§ **WHAT THE TASK REQUIRES**: Please return the lines of the data that contain "with".
━━━ SOURCE MATERIAL ━━━
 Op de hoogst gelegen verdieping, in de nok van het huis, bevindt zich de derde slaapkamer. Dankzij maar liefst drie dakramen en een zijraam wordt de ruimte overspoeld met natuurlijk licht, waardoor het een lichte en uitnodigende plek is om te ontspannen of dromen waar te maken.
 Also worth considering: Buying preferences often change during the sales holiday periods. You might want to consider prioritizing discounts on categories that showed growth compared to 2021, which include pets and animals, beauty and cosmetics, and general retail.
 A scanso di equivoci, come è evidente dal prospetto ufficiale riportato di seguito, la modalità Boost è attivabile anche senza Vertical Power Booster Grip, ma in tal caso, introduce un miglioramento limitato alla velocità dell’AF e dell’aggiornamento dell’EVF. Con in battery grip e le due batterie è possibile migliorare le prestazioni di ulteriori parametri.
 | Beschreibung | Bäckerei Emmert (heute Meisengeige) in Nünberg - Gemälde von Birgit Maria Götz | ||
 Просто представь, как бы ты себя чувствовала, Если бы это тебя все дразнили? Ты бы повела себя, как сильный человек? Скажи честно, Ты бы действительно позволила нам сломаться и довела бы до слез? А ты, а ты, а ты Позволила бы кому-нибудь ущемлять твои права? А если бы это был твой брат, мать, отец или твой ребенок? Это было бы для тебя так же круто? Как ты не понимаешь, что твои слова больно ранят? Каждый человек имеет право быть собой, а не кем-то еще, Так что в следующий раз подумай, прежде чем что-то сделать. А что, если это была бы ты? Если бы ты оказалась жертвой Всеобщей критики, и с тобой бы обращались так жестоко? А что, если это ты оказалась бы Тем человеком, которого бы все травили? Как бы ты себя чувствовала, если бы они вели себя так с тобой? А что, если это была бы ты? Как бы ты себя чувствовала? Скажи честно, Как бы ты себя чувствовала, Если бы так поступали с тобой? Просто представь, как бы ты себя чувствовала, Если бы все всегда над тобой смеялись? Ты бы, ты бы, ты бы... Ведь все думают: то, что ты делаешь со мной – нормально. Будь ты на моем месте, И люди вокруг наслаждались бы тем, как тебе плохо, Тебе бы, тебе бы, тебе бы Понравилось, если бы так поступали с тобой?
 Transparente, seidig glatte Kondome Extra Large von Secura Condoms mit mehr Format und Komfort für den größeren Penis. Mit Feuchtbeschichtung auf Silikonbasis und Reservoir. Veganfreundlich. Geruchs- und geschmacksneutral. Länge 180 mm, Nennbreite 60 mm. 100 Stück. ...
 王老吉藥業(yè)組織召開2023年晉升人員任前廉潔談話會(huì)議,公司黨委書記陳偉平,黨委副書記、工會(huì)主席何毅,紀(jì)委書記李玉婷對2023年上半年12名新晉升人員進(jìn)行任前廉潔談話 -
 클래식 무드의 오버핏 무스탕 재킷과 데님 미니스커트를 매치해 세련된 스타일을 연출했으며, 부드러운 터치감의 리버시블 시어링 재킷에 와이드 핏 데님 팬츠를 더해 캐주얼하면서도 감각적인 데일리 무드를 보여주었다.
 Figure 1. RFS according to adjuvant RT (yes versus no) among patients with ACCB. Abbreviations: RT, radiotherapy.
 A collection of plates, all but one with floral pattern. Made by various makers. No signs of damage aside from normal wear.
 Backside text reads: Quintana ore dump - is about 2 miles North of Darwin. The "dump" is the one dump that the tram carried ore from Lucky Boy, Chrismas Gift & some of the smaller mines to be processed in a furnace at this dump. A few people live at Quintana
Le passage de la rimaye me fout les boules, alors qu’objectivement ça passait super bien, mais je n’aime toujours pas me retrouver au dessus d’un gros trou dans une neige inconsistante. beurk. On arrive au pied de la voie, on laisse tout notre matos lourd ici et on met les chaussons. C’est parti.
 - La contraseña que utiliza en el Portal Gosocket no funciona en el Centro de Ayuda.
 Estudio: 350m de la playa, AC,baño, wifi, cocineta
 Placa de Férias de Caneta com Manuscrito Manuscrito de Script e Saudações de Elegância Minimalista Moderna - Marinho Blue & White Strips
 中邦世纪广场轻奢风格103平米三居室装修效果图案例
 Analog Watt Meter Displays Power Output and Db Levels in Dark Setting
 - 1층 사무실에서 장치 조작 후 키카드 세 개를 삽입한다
━━━
§ **RESULT OF THE EXERCISE**:
 Figure 1. RFS according to adjuvant RT (yes versus no) among patients with ACCB. Abbreviations: RT, radiotherapy.
 A collection of plates, all but one with floral pattern. Made by various makers. No signs of damage aside from normal wear.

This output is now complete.